Keesokan harinya, Maira tampak amat senang. Terdengar dari lirik lagu yang ia dendangkan sepanjang jalan menuju kafe menggunakan sepeda berwarna kuning.
Jarak rumah dan kafe tidak terlalu jauh, sepuluh menit menggunakan sepeda, tiga puluh menit berjalan kaki dan hanya lima menit pakai motor.
Cit. Jegrek.
Suara standar sepeda berbunyi tanda benda itu akan diparkirkan. Mata Maira langsung tertuju pada mobil yang duduk manis di sebelah kanannya.

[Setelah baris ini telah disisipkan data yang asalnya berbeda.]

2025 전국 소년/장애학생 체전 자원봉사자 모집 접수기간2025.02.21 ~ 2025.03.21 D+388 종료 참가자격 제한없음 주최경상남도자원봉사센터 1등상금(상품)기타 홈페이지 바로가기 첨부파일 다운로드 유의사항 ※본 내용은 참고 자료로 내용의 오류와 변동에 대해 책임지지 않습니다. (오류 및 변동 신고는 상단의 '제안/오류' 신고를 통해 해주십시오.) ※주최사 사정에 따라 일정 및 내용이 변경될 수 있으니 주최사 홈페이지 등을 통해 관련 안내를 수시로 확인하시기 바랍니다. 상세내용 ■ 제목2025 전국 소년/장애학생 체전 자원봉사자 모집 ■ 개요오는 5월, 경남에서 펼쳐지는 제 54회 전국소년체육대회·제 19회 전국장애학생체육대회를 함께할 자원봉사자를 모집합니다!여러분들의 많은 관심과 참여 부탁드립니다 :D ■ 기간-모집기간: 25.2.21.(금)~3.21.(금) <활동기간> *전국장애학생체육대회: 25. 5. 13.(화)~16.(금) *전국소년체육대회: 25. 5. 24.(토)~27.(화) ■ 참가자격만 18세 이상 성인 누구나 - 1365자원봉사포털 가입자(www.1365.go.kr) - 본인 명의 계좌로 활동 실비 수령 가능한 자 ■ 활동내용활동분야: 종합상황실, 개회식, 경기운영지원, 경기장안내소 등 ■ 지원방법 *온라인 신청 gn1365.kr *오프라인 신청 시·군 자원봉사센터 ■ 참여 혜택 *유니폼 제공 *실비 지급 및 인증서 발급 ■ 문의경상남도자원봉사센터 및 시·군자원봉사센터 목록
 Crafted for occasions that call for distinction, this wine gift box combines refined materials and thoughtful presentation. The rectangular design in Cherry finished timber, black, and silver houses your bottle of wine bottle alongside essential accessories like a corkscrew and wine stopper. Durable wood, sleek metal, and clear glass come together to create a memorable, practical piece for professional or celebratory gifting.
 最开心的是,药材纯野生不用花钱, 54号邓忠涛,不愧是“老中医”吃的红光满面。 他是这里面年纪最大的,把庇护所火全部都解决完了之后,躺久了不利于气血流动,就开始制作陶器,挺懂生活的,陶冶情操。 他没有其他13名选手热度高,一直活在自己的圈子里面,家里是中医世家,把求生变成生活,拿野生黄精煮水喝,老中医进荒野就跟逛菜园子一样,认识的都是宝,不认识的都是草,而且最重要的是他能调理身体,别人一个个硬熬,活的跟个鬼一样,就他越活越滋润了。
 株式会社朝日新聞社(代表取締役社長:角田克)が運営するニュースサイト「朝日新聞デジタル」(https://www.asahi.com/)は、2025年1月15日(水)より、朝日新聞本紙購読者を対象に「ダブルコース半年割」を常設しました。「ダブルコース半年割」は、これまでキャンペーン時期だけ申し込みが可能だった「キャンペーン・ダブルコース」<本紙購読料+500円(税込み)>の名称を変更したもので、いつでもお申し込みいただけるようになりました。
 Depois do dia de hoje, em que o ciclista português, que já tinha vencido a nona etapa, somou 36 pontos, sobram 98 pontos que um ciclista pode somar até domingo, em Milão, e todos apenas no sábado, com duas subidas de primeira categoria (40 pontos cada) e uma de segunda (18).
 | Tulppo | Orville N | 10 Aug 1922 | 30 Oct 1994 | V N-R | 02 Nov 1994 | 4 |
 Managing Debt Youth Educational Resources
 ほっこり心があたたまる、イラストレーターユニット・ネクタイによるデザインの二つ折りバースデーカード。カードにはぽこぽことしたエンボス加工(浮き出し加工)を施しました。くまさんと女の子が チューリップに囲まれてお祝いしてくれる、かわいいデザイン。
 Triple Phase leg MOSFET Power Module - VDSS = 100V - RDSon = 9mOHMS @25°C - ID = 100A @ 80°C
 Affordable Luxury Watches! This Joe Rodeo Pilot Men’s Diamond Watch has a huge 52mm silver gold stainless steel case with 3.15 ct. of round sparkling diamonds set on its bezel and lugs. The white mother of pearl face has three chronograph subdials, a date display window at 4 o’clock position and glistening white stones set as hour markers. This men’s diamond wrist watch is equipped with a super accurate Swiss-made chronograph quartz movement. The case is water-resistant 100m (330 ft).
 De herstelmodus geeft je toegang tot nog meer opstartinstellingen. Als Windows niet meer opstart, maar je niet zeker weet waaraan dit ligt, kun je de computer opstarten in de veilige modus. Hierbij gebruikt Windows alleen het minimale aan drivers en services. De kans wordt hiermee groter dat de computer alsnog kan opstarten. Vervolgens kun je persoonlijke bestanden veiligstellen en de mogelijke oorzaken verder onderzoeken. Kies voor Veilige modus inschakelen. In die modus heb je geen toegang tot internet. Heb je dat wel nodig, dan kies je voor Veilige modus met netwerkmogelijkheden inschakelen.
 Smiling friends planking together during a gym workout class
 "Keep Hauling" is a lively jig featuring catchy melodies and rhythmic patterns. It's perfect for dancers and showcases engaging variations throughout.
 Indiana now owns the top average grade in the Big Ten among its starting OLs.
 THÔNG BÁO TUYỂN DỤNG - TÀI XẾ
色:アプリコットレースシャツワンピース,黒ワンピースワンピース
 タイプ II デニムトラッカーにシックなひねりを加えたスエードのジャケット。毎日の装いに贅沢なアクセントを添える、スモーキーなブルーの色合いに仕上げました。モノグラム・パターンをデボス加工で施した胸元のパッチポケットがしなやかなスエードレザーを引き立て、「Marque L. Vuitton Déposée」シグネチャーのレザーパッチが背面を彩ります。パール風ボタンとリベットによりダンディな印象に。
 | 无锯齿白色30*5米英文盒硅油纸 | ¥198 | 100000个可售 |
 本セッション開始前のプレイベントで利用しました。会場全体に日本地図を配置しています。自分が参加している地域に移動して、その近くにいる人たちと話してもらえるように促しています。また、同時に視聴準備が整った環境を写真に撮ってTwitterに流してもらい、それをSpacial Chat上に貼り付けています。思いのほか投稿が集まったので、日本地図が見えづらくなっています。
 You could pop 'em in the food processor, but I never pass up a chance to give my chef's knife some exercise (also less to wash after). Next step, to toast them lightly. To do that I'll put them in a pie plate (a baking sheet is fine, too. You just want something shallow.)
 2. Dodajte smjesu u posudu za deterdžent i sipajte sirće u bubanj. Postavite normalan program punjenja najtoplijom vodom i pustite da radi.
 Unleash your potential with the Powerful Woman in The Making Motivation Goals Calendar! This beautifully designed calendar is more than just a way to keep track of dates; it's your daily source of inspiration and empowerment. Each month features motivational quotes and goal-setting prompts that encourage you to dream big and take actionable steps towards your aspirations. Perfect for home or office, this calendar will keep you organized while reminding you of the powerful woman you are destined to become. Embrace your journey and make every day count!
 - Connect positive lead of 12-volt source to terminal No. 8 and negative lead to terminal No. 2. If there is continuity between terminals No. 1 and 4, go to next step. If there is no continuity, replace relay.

“Jadi mobilnya sudah diperbaiki,” ucapnya memandangi semua bodi mobil itu telah kembali seperti semula. Maira mengambil tas di keranjang sepeda lalu masuk ke dalam kafe.
"Selamat sore!" sapanya kembali riang.
"Sore, Maira!" balas mereka yang kerja di sana juga.
"Eh, cerah banget? Baru menang judi?" tanya seorang pria menghampirinya.
Maira menepuk topinya dan mengejeknya. "Judi? Haram tahu!” sahutnya tersenyum.
"Hahaha, Maira, Maira." Omen tertawa melihatnya.
Gadis itu menuju ruang ganti dan meletak tasnya di loker. Membuka kemeja dan memakai kaos kerja yang senada dengan warna topinya, hitam kombinasi garis merah.
Maira mengambil napas dan berusaha menyemangati diri sendiri. "Semangat hari ini, Mai!" ucapnya sendiri.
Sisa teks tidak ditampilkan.